Other polls show even more tepid support for an operation against Iran. A survey taken for the Brooking Institute's Saban Center for Middle East Policy, also in February, found that more than a third of Israelis opposed a strike under any circumstances. A 42 percent plurality favored an attack with American support, while only 19 percent back Israel going alone.

Another survey, by the Dialog Institute for the Ha'aretz daily and published last Friday, found only 26 percent supported a unilateral Israeli attack.

Disagreements over an Israeli attack were the focus of discussions between Netanyahu and U.S. President Barack Obama last week, but the message that came out of the meeting was murky.

Obama's public statements spoke about the need for Israel to "always have the ability to defend itself, by itself, against any threat," and its "sovereign right to make its own decisions about what is required to meet its security needs." But the president also made it clear that sanctions and negotiations need more time to work, and that talk of a military option is premature.

Netanyahu, however, has said Israel has a narrower window than the U.S. for non-military options to work. "The United States is big and distant, Israel is smaller and closer to Iran, and naturally, we have different capabilities," he told Channel One television in an interview aired on Saturday. "So the American clock regarding preventing Iranian nuclearization is not the Israeli one."

Netanyahu's failure to sway the public on Iran is significant because he and his Likud Party are riding high in opinion polls. The Likud would capture between 35 and 37 seats in the 120-seat Knesset if elections were held today. That would make Netanyahu's party by far the biggest in parliament. The center-left Kadima Party would be cut down to as few as 10-12 seats and Labor held to 14. Indeed, the second-biggest vote-getter would be Yisrael Beiteinu, a hawkish party aligned with the Likud.
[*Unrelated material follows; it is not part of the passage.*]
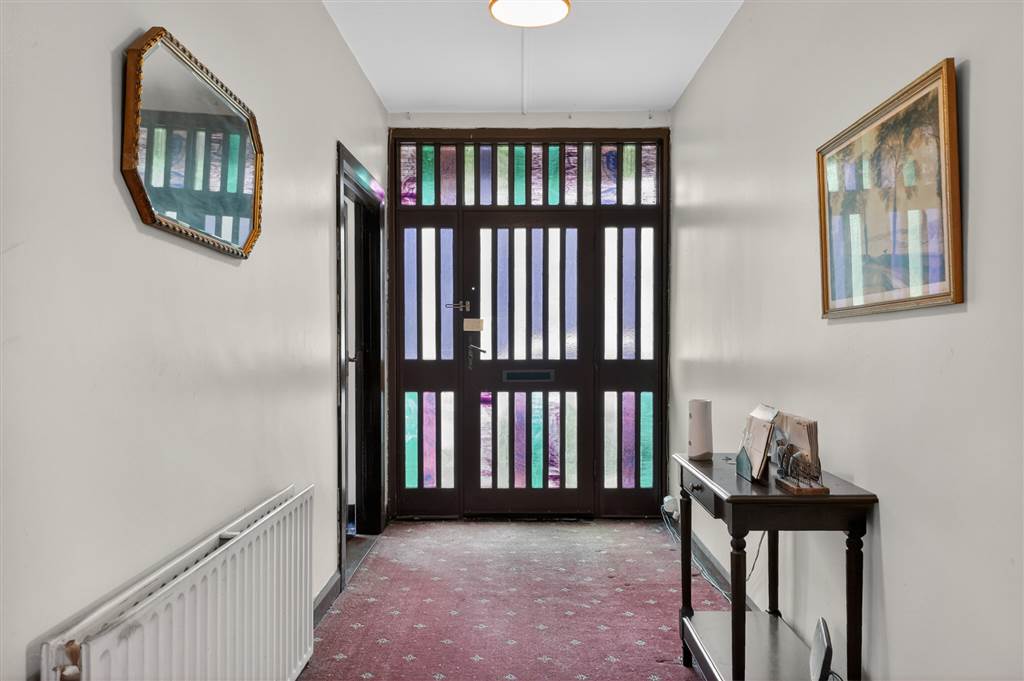Hardwood coloured glazed front doors. Cloaks cupboard with coat hooks.

The Ha'aretz/Dialog survey also found that half the respondents said they relied on Netanyahu and Barak to guide policy on Iran, although a significant 38 percent minority said they did not.

Gadi Wolfsfeld, who teaches politics and media at The Hebrew University and the Herzilya Interdisciplinary Center, said one of the reasons Netanyahu has failed to convince the voters is because the security establishment itself is split on the issue.
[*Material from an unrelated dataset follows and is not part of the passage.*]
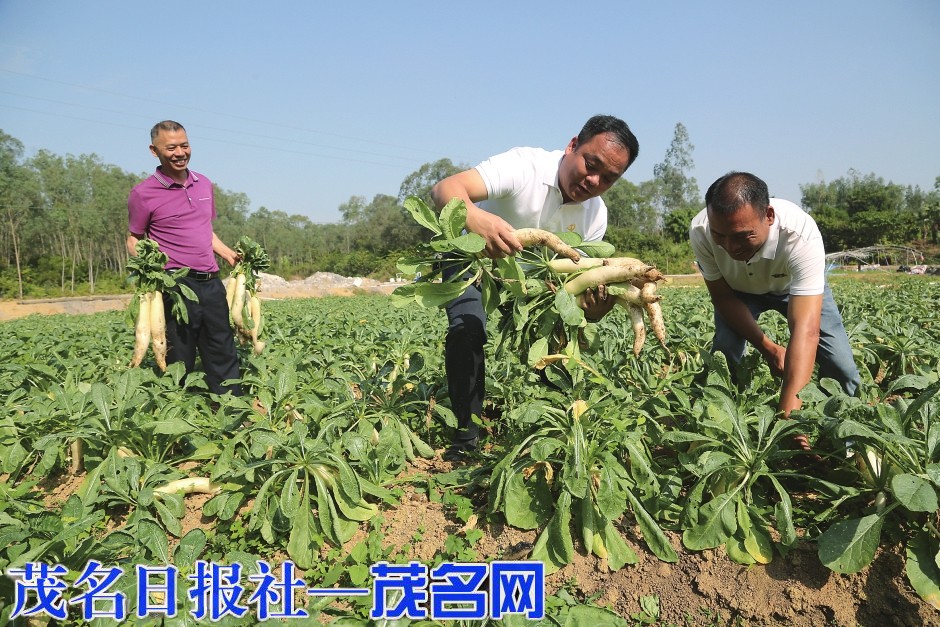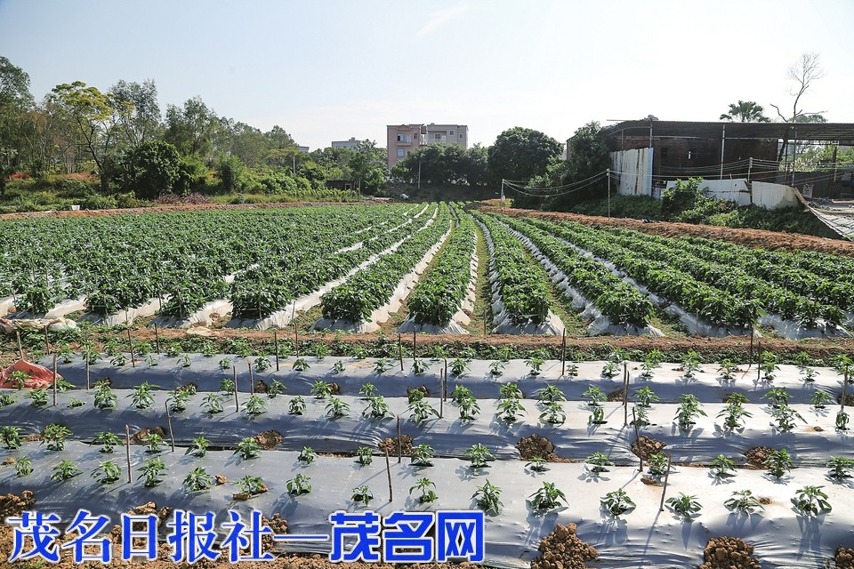 数十亩撂荒地种上菜椒、萝卜等农作物。 茂名日报社全媒体记者 岑稳 摄

At a conference of policy makers in February, Barak and Moshe Yaalon, the influential minister for strategic affairs, both positioned themselves as favoring an operation. But Army Chief of General Staff Lt.-Gen. Benny Gantz signaled that for now he preferred to disrupt Iranian progress by other means while Military Intelligence Chief Maj.-Gen. Aviv Kochavi indicated that the window for striking Iranian facilities is bigger than Barak has been saying.

Meir Dagan, the former head of the Mossad, has become strongly opposed to an attack any time soon, reportedly earning the wrath of the Prime Ministers Office.
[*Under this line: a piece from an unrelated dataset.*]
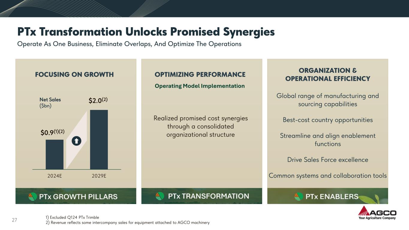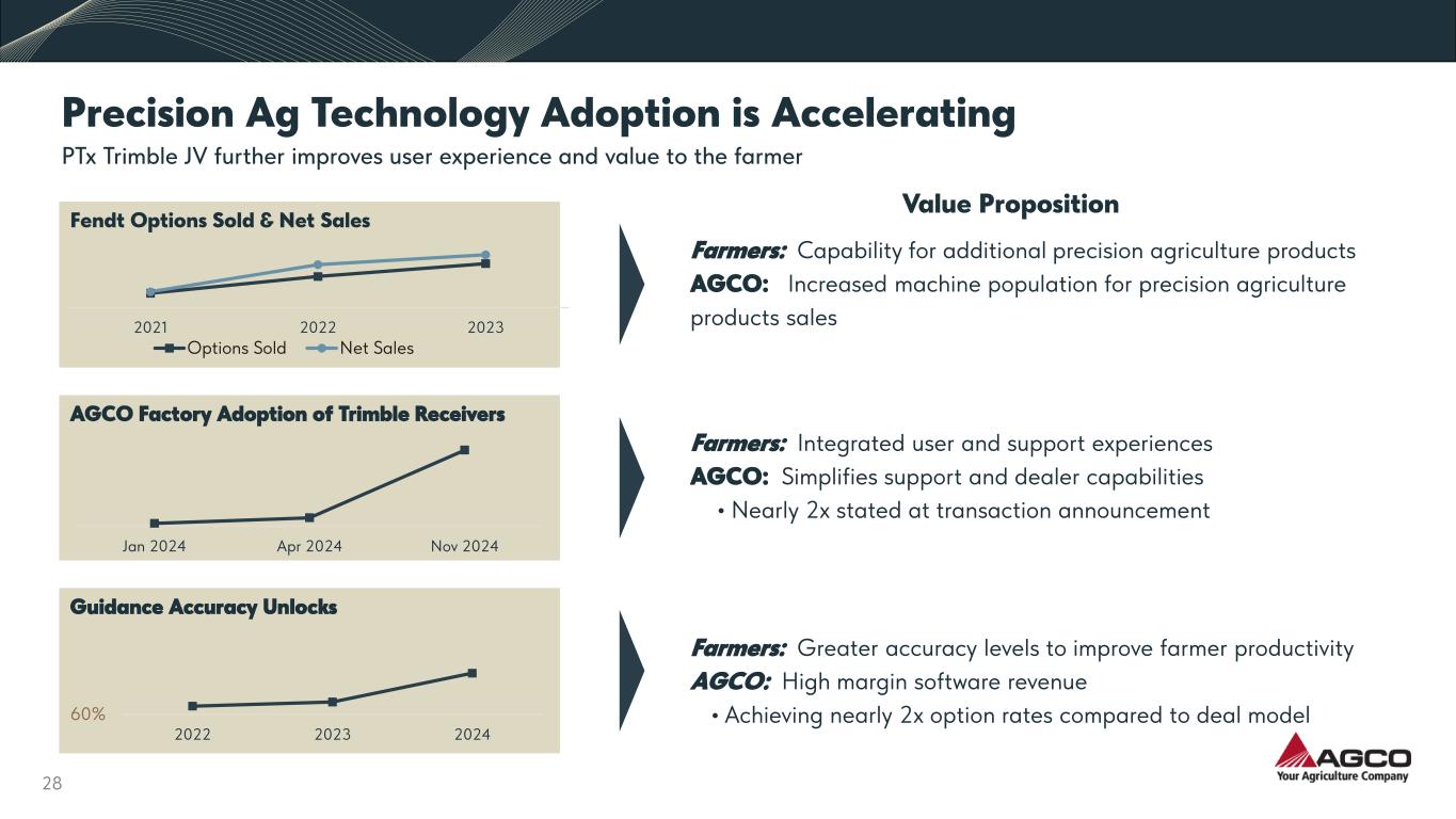 PTX转型解锁承诺的协同效应将作为一项业务运营,消除重叠,并优化运营,重点是增长优化绩效组织和运营效率2024E 2029E $ 2.0(2)$ 0.9(1)(2)运营模式实施通过整合的组织结构实现承诺的成本协同效应全球范围的制造和采购能力成本最高的国家机会精简和调整使能功能推动销售队伍的卓越共同系统和协作工具27净销售额(十亿美元)1)不包括Q124 PTX 天宝导航 2)收入反映了附加在AGCO机械设备上的一些公司间销售

"You don't have a consensus and therefore people are confused. If the elite, especially everybody in the security elite, was on board there would be bigger backing," Wolfsfeld, author of Making Sense of Media and Politics: Five Principles in Political Communication, told The Media Line.

The IDI poll showed that the public is skeptical that casualties from an Iranian counter-strike would be small, as Barak has suggested. Nearly 60 percent said deaths would exceed the 500 predicted by the defense minister.

While it is unusual for Israeli public opinion not to be squarely behind a popular and respected prime minister on a major security issue, Wolfsfeld said public opinion could quickly shift.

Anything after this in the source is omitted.